__EXERCISE DESCRIPTION__
All lines in the records below from the line with "Photo realistic portrait" through the line with "98¥ HU926 x9rpUuWjzl1¥" are to be given again exactly, both ends included; the pictures are to be left out.

Collected data entries:
──────────────────────────────
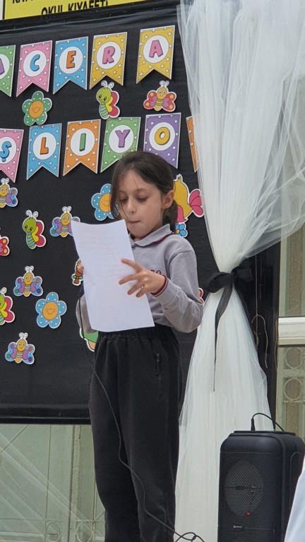 Okulumuzda İlköğretim Haftası 18.09.2025 tarihinde kutlandı. 1. sınıf öğretmenimiz Zeynep SARI günün anlam ve önemini anlatan konuşmayı yaptı. Öğrencilerimizin okuduğu şiirlerin ardından 1. sınıf öğrencilerimiz müzikli gösterilerini sundular. 2. sınıf öğrencileri YEŞİL VATAN temalı şarkı söylediler. Program 2. sınıf öğrencilerinin 1. sınıf öğrencierine Hoş Geldiniz hediyesi vermesiyle sona erdi.
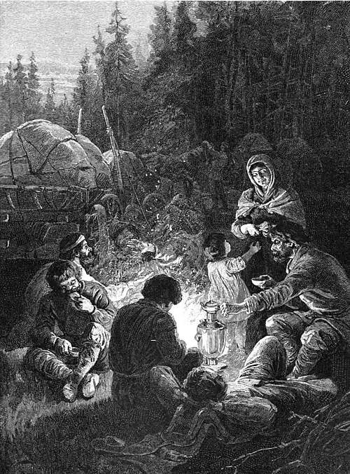 said, "Vot granítsa" [Here is the boundary]. We sprang out of the tárantás and saw, standing by the roadside, a
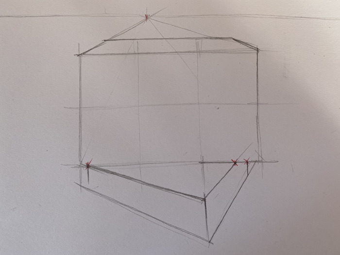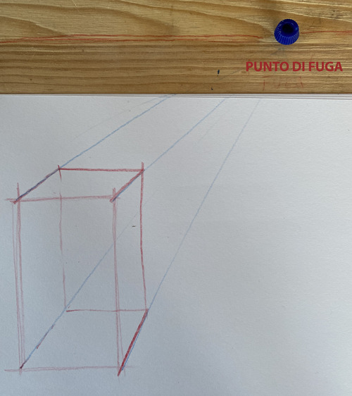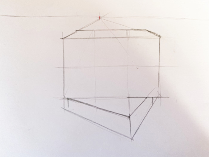 3. Stabilisco la posizione del punto di fuga (che determinerà quali altri lati dell’oggetto vedo dalla mia posizione è come saranno orientati) e vi congiungo tutti i 4 angoli del lato che mi appare frontale.
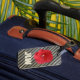 Eine kühn rote Hibiskus-Blume auf einem stilvollen Gepäckanhänger mit modernen monochromatischen Streifen in glatten Grautönen, personalisiert mit fett formatierten Initials, ist ein einzigartiges und raffiniertes Reisezubehör. Das ist die ursprüngliche botanische Fotografie von JLW_Fotografie.
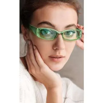 Veda Tinda Vision Green Rectangle Sunglasses for Women Retro 90s Rave Trendy Y2k Rectangular Clear Shades for Men Warp Around Sport Transparent Mens Sun Glasses UV400 Protection Womens Accessories
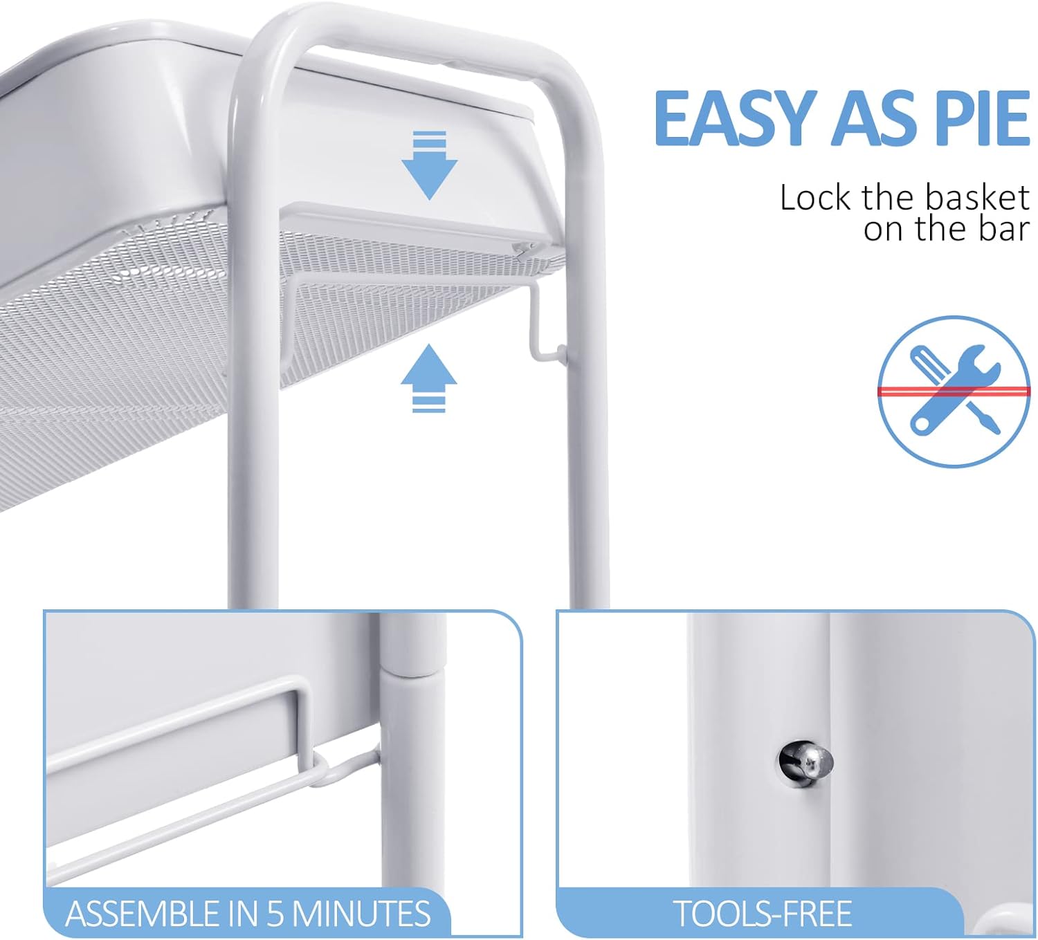 【Easy as Pie & Sturdy Construction】Are you still troubled by watching various screws can’t start? But not this time. The rolling cart assembly does not require any screws and takes only a short time. The heavy-duty steel frame and rust-resistant powder coating makes it durable. The cart can hold up to total 132lbs.
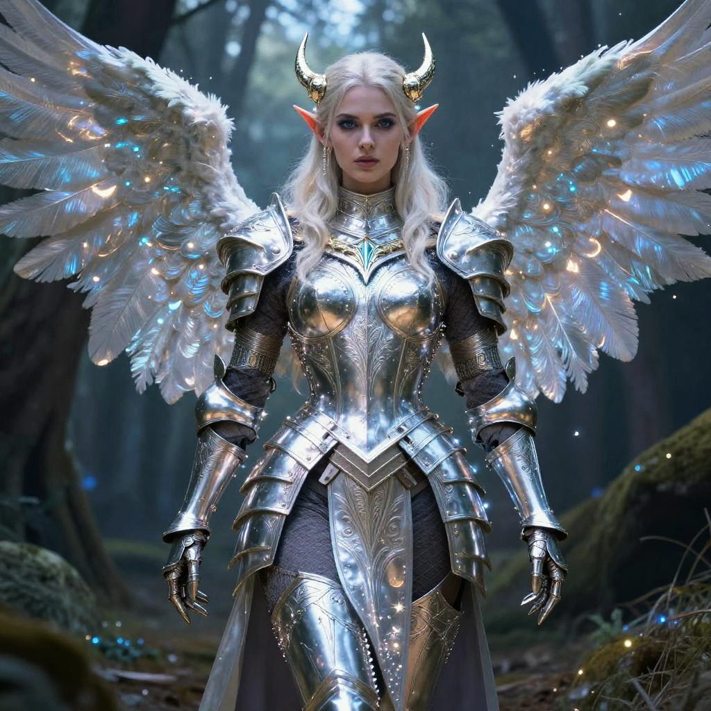 Digital fantasy artwork of a blonde elf woman with white wings, horns, and silver armor, standing in a dark forest.
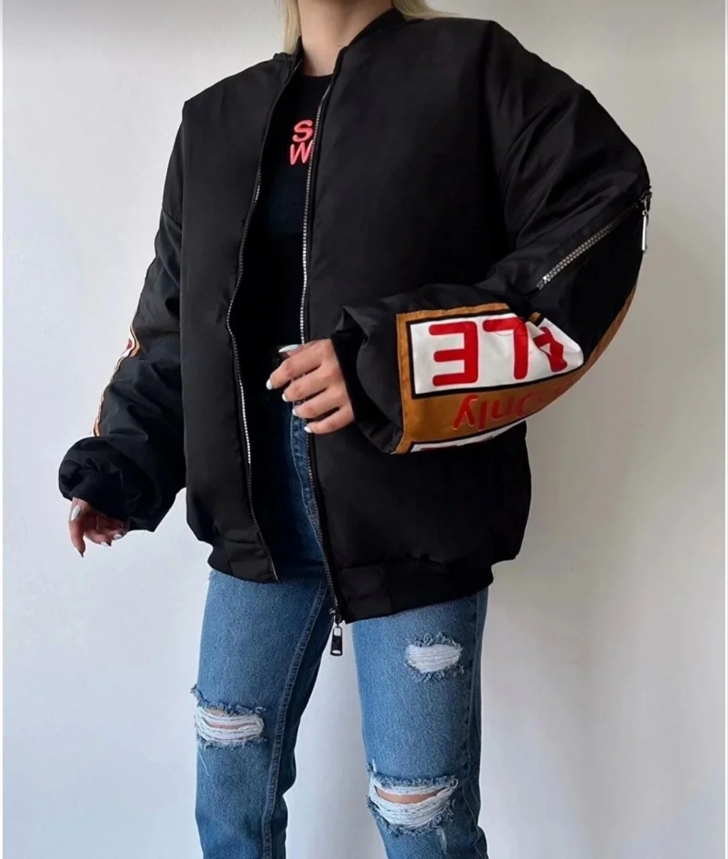 Kadın Sırt ve Kol Parça Baskılı Bomber Ceket - Siyah
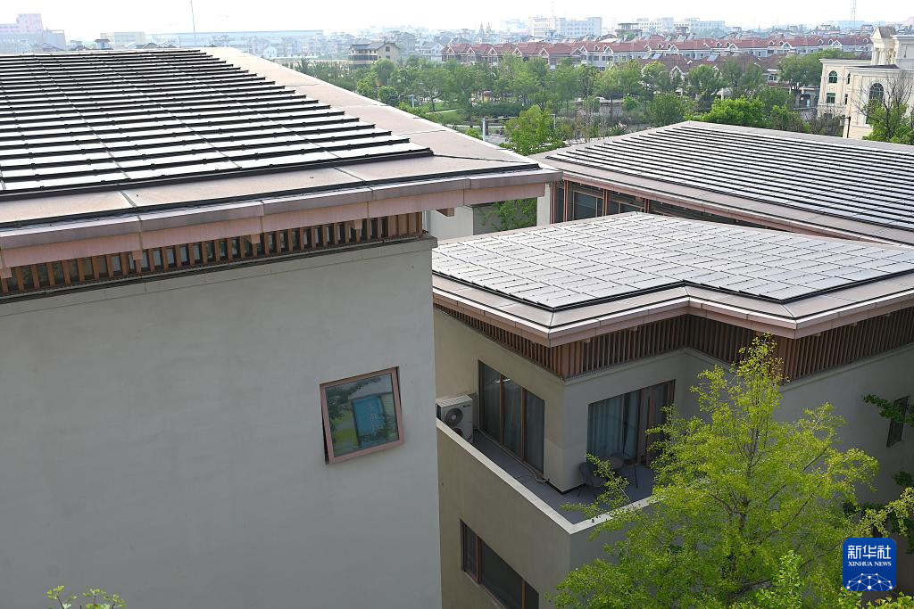 这是8月4日在浙江省杭州市萧山区梅林村拍摄的民居屋顶光伏板。
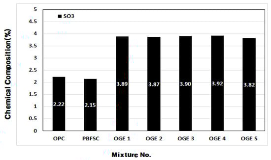 Among the major chemical components of ESA, the SO3 content decreases, while the CaO and SiO2 content increases as the burning temperature increases. Such changes are thought to be attributed to the change in the chemical composition following the decarboxylation of LP and combustion of CO2. In comparison with OPC, the SO3 content in PBFSC is higher by approximately 2%. The SO3 content in OGE with ESA burnt at different temperatures is also greater by approximately 2% when compared to PBFSC.
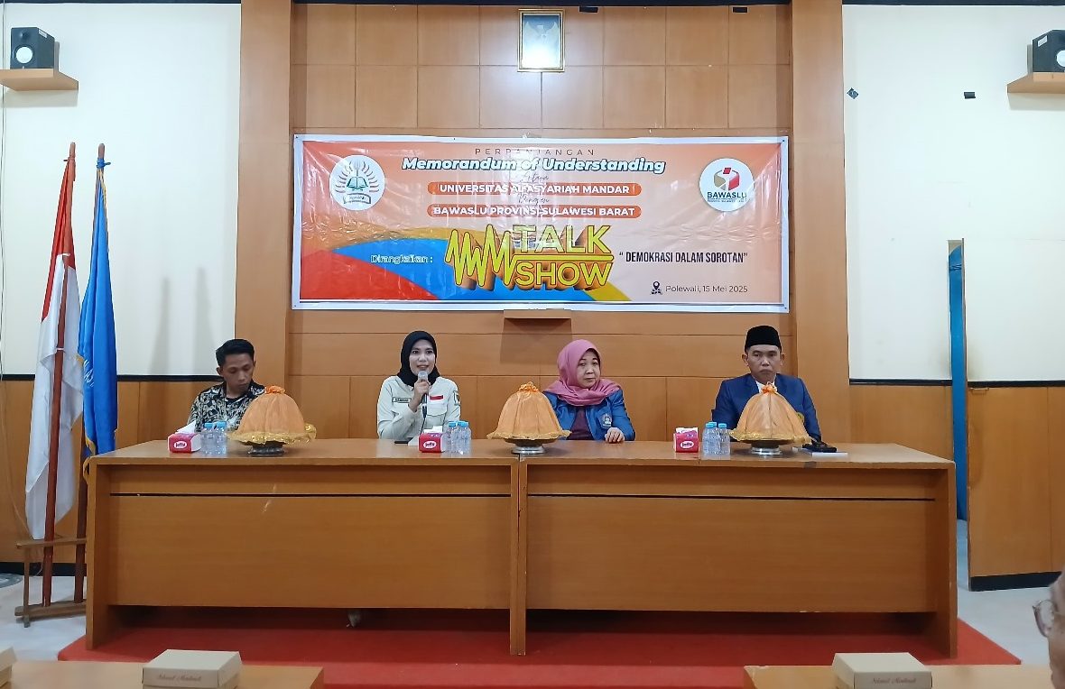 Mamuju, Sulawesi Barat - Dalam rangka penguatan literasi demokrasi dan pengawasan pemilu digital melalui kolaborasi pendidikan, riset, dan pengabdian mahasiswa menuju demokrasi yang berkualitas dan berkelanjutan, Bawaslu Provinsi Sulawesi Barat menandatangani nota kesepahaman dengan Universitas Al Asyariah Mandar (Unasman), Kamis, 15 Mei 2025.
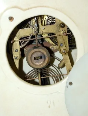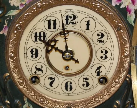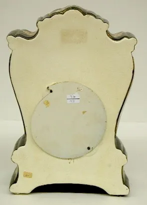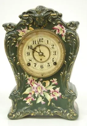 Kroeber Rams Head China Clock: celluloid dial; 8 day; time and strike; moveable pendulum; dark green case decorated with orchids and a ram's head; mov...
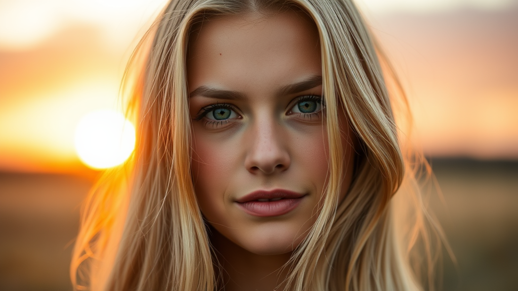 Photo realistic portrait of a stunning Scandinavian girl with medium blonde hair at sunset, featuring a detailed and intricate face. The lighting is sharp and focused, with a beautiful depth of field that highlights her symmetrical features. Shot using an f/1.8 aperture and 85mm lens on a Nikon Z9, the composition eliminates any blurriness or distortion. The portrait captures her natural beauty without any signs of bad anatomy, ensuring her limbs and features are perfectly proportioned and gracefully framed.
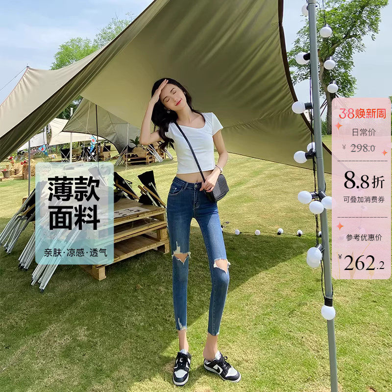 98¥ HU926 x9rpUuWjzl1¥ https://m.tb.cn/h.i2qMqAN 春秋新款深蓝色破洞中高腰牛仔裤女巨显瘦紧身九分弹力毛边小脚裤 --------------------- 【原售价】338元 【现售价】298元。
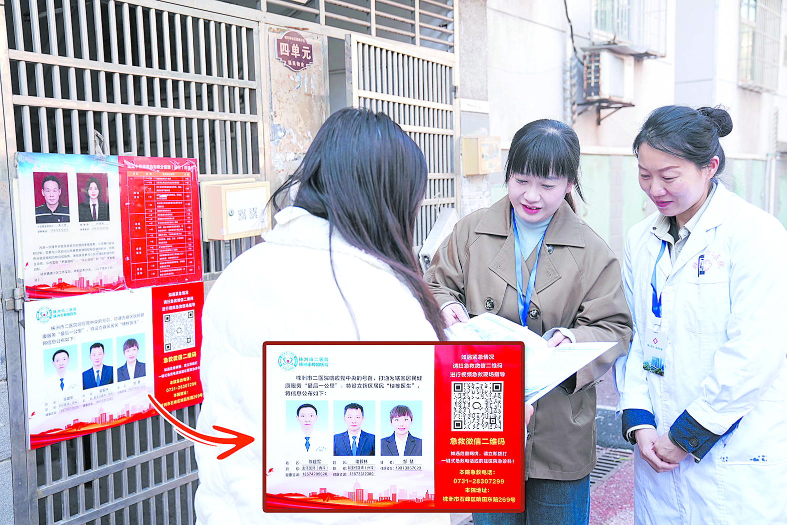 党建延伸社区,打通健康服务“最后一步路”。让优质医疗资源下沉,是公立医院公益性的体现,更是党建工作的出发点和落脚点。株洲市二医院创新推出的党建引领——“健康邻距离”楼栋医疗管理项目应运而生。项目以“家门口的医生 零距离的关爱”为宗旨,在城市医联体单位辖区,组建了由医疗专家、社区医生、外联办人员组成的楼栋家庭医生团队,其中党员充当主力军。
──────────────────────────────
__TASK RESULT__
 Photo realistic portrait of a stunning Scandinavian girl with medium blonde hair at sunset, featuring a detailed and intricate face. The lighting is sharp and focused, with a beautiful depth of field that highlights her symmetrical features. Shot using an f/1.8 aperture and 85mm lens on a Nikon Z9, the composition eliminates any blurriness or distortion. The portrait captures her natural beauty without any signs of bad anatomy, ensuring her limbs and features are perfectly proportioned and gracefully framed.
 98¥ HU926 x9rpUuWjzl1¥ https://m.tb.cn/h.i2qMqAN 春秋新款深蓝色破洞中高腰牛仔裤女巨显瘦紧身九分弹力毛边小脚裤 --------------------- 【原售价】338元 【现售价】298元。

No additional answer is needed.